As an example, a commonly used dataset in the field for pre-training networks is a subset of ImageNet \citep{DengDSLL009}, which contains 1.2 million images and has 1000 labeled categories for classification. Even with today's computational power, it still requires a significant amount of hours to be trained.
In this scenario, using transfer learning trough pre-trained networks arises as a solution. In this process, the weights and biases from a network trained in another task, are reused to train a new similar task.
Another reason for using transfer learning comes from the cases where we do not have enough data to train a CNN. \cite{CelonaBB19} highlights this is especially true in the medical field, as the acquisition costs are elevated, and it also involves a complicated set-up for photographing, which makes it very common to have little annotated data.
\section{Data Augmentation}
Another solution that handles small datasets is data augmentation. It consists of applying transformations, such as geometric and color augmentations, for generating alternative images that derive from the original dataset.
For each input image in the dataset, a new image is generated that can be zoomed, shifted, mirrored, rotated, distorted, or have changes in its color, brightness, contrast. Hence, this technique increases the amount of data available for input.
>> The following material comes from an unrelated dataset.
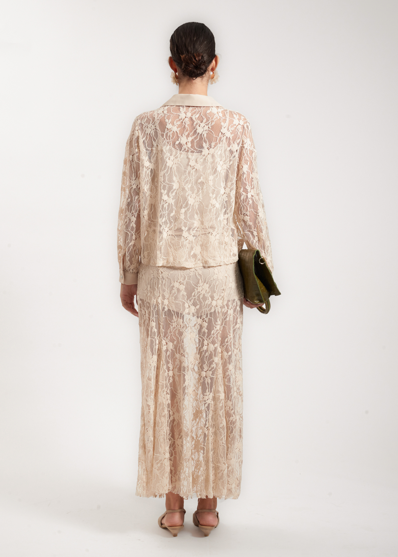 A refined two-piece ensemble that redefines elegance through texture and light. Crafted from delicate floral lace in a soft nude tone, the Diamond Button Lace Ensemble features a relaxed shirt with shimmering jewel buttons and a coordinated maxi skirt for an ethereal yet modern silhouette. Both the blouse and skirt are lined with a soft 100% viscose fabric, ensuring comfort and subtle coverage while maintaining the airy, romantic feel of the lace. Perfect for evening occasions or sophisticated daytime looks, it embodies understated glamour with a contemporary twist.

Having a large dataset is crucial for the performance of the deep learning models, but instead of starting with a large dataset of images, a more common scenario is to have a small amount of data available from the specific domain of research. This usually happens due to the high cost of collecting data, be it in terms of human labor or monetary resources. As mentioned in the previous section, this is mainly the case in the medical field.
Another problem of small datasets is that problems trained on them are often over-fitted to the specific data available, which means they lack the power of generalization, as the dataset is not representative of the real world. In these cases, as discussed by \cite{abs-1712-04621}, data augmentation can act as a regularizer for preventing over-fitting and also improve performance in imbalanced class problems.